[Dataset entries]
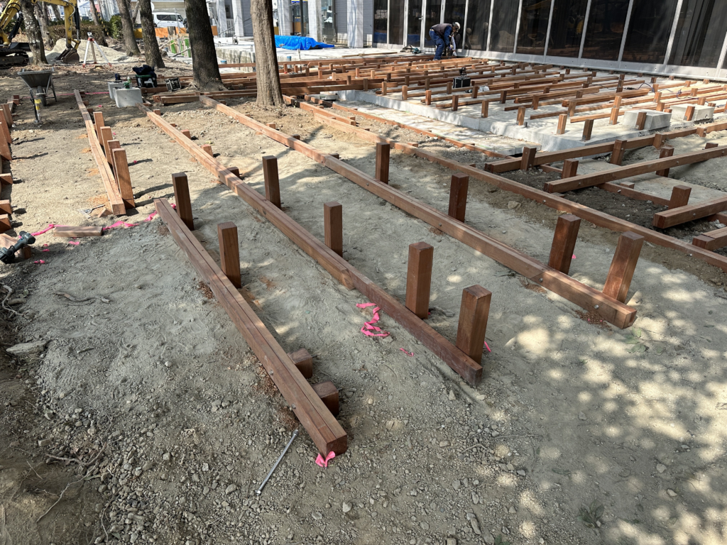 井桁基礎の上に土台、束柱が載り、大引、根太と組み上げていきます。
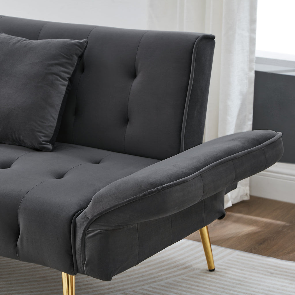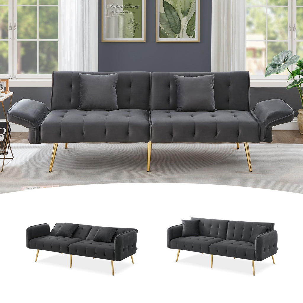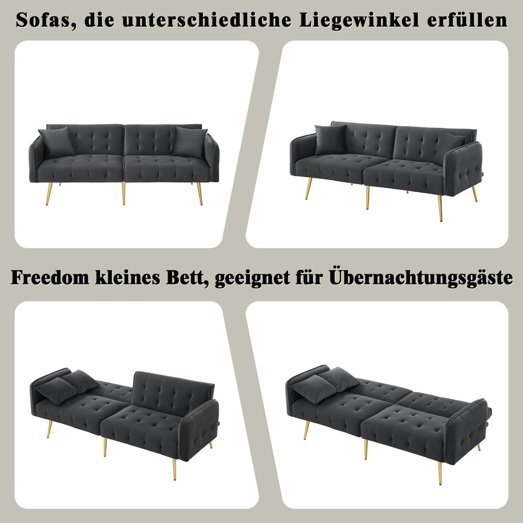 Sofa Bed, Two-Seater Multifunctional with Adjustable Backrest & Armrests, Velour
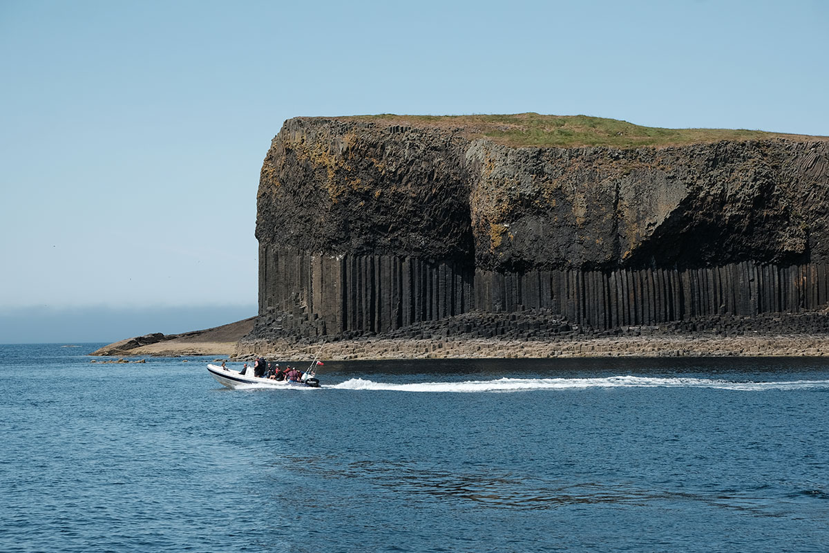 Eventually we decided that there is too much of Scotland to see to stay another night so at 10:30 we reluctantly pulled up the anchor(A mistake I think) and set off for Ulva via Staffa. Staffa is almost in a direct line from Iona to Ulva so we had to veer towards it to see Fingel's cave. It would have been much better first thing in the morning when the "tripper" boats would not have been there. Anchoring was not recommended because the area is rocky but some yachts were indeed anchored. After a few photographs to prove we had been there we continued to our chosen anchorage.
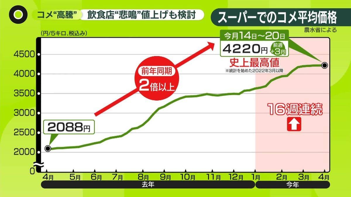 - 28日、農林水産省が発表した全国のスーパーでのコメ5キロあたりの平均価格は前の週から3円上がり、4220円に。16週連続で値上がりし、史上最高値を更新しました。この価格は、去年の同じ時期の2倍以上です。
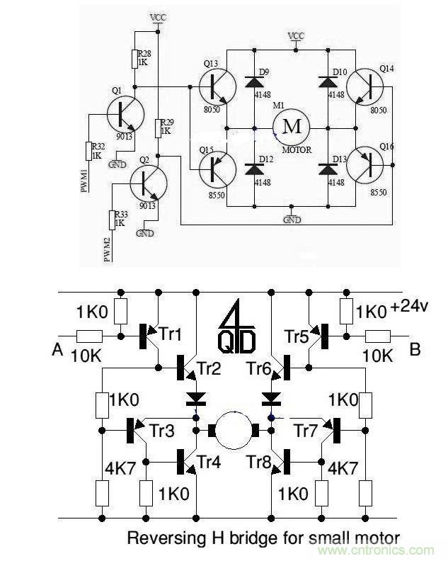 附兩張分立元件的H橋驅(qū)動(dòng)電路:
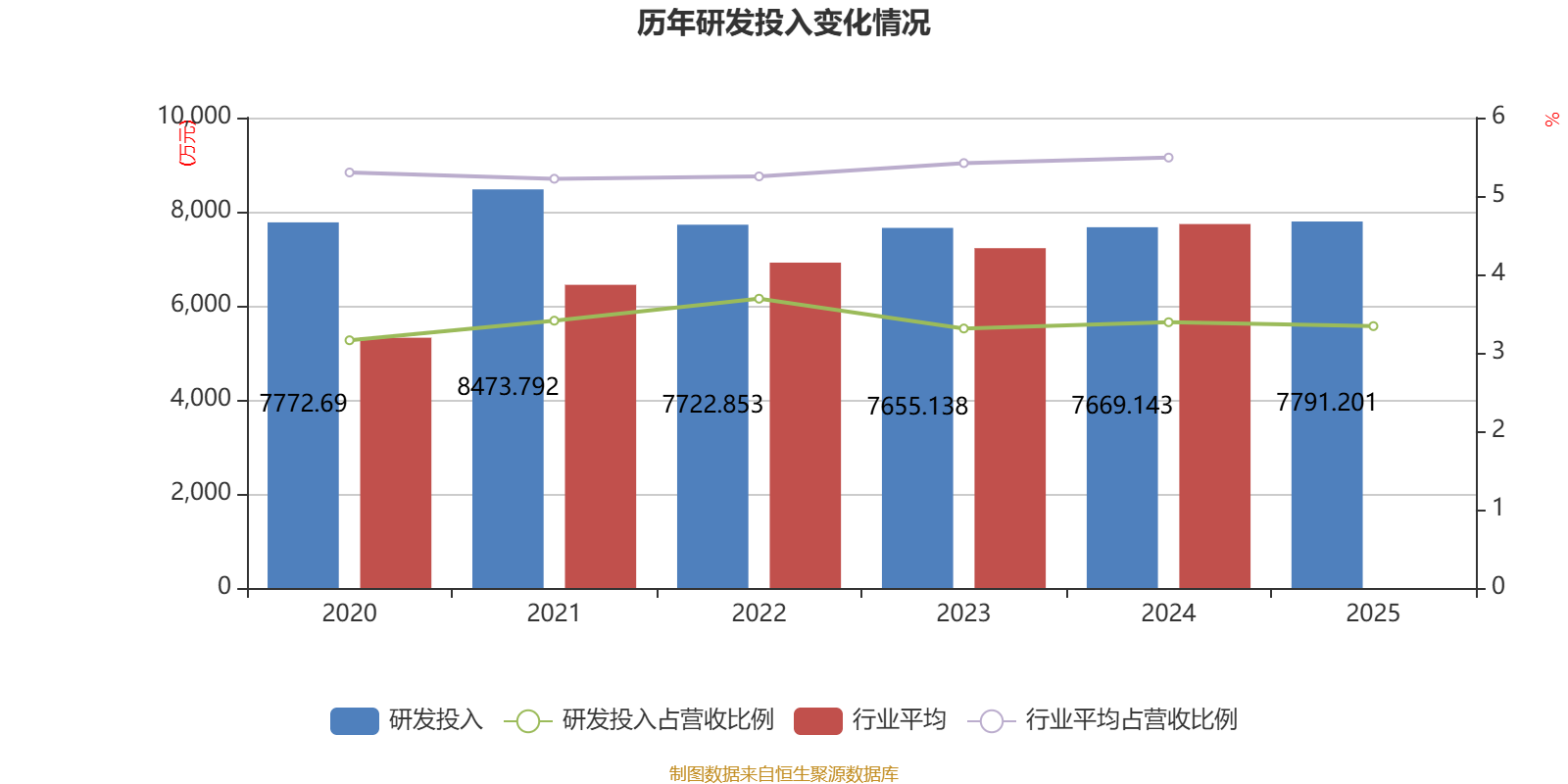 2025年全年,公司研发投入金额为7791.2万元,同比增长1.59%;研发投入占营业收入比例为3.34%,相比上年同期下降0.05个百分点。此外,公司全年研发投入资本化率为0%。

-- REQUIREMENT --
Write the entries above out again exactly, omitting each image.

-- FINAL ANSWER --
 井桁基礎の上に土台、束柱が載り、大引、根太と組み上げていきます。
 Sofa Bed, Two-Seater Multifunctional with Adjustable Backrest & Armrests, Velour
 Eventually we decided that there is too much of Scotland to see to stay another night so at 10:30 we reluctantly pulled up the anchor(A mistake I think) and set off for Ulva via Staffa. Staffa is almost in a direct line from Iona to Ulva so we had to veer towards it to see Fingel's cave. It would have been much better first thing in the morning when the "tripper" boats would not have been there. Anchoring was not recommended because the area is rocky but some yachts were indeed anchored. After a few photographs to prove we had been there we continued to our chosen anchorage.
 - 28日、農林水産省が発表した全国のスーパーでのコメ5キロあたりの平均価格は前の週から3円上がり、4220円に。16週連続で値上がりし、史上最高値を更新しました。この価格は、去年の同じ時期の2倍以上です。
 附兩張分立元件的H橋驅(qū)動(dòng)電路:
 2025年全年,公司研发投入金额为7791.2万元,同比增长1.59%;研发投入占营业收入比例为3.34%,相比上年同期下降0.05个百分点。此外,公司全年研发投入资本化率为0%。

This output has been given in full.